Saravia is right. Without the help of commercial products, a home popper can't replicate the "butter" (which really is partially hydrogenated soybean oil with butter flavoring), or the neon yellow salt seasoning (of which salt is just one component).
"There is so much chemistry involved," said Wendy Boersema Rappel, spokeswoman for the American Popcorn Board (www.popcorn.org). "With all the flavorings and oils they use, if you went into a lab you could make it. But it's not a taste that you can duplicate or come close to replicating at home."

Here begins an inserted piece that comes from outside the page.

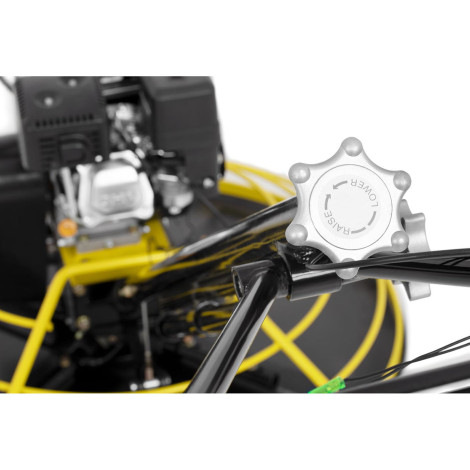 Ignition lever and a cage protecting the shovel, increasing stability and reducing vibrations. The engine strap is completely enclosed. Adjustable handles increase work comfort.
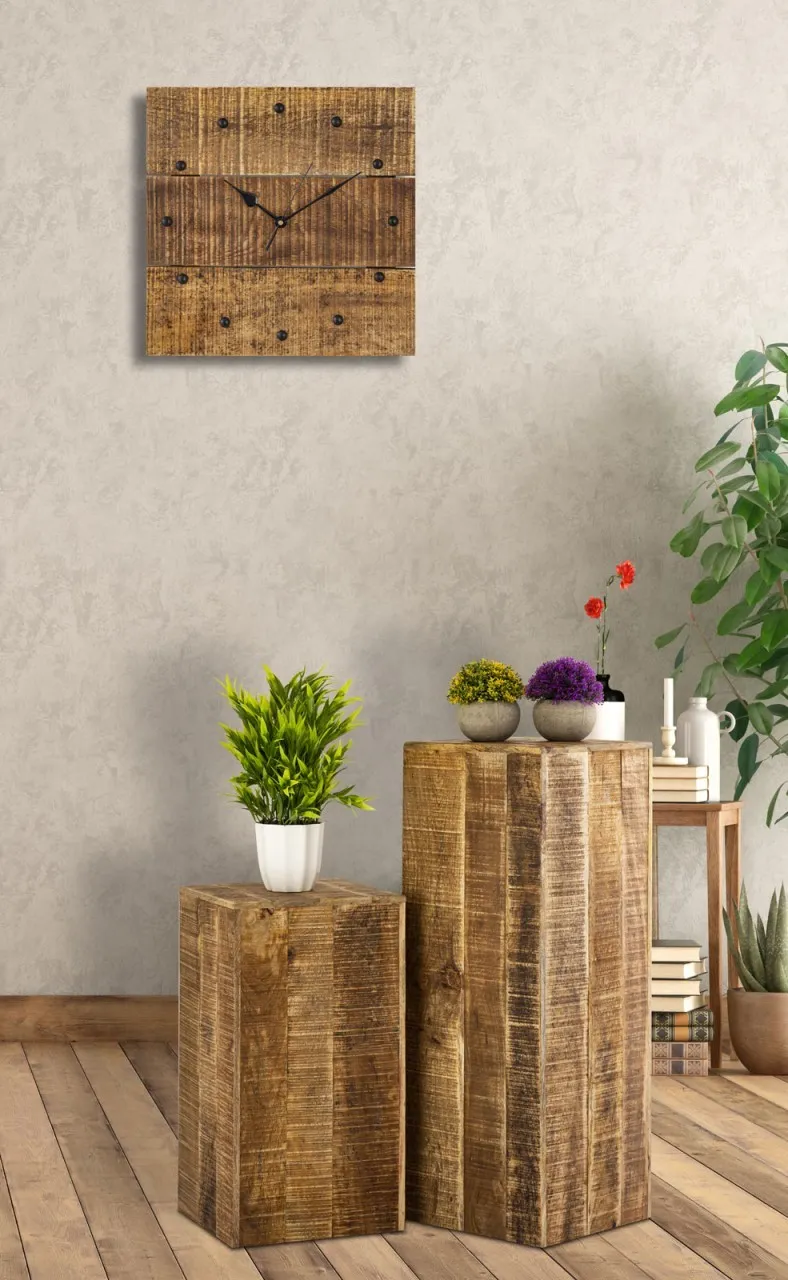 tinkaro Wohnzimmeruhr ASSAN Mangoholz Wanduhr Braun

Or can you? Americans consume 17 billion quarts of popcorn a year. Much of that is eaten at home, and much of that is microwaved. But no matter what the packaging tells you, the microwave never will get you that taste and crunch that movie goers crave.
For that, some serious rethinking of ingredients and technique is needed.
The Corn
Start with the kernels. Theaters generally use the American yellow or white kernel, though true popcorn connoisseurs will insist on white, believing it to be more flavorful, said Tracy Boever, spokeswoman for The American Pop Corn Co., which markets Jolly Time popcorn.
Storage is equally important. The key to successful popcorn is the roughly 13 percent moisture inside each kernel, which makes it explode under heat. Lose the moisture and you've got duds, or what the popcorn industry calls Old Maids.
This is why kernels should be stored in airtight containers. And never put kernels in the refrigerator, which can dry them out.
The Cooking Oil
Good popcorn involves two types of fat — one for cooking, a second for topping. Popcorn experts say most theaters rely on coconut oil for the distinct flavor and aroma that draws people in.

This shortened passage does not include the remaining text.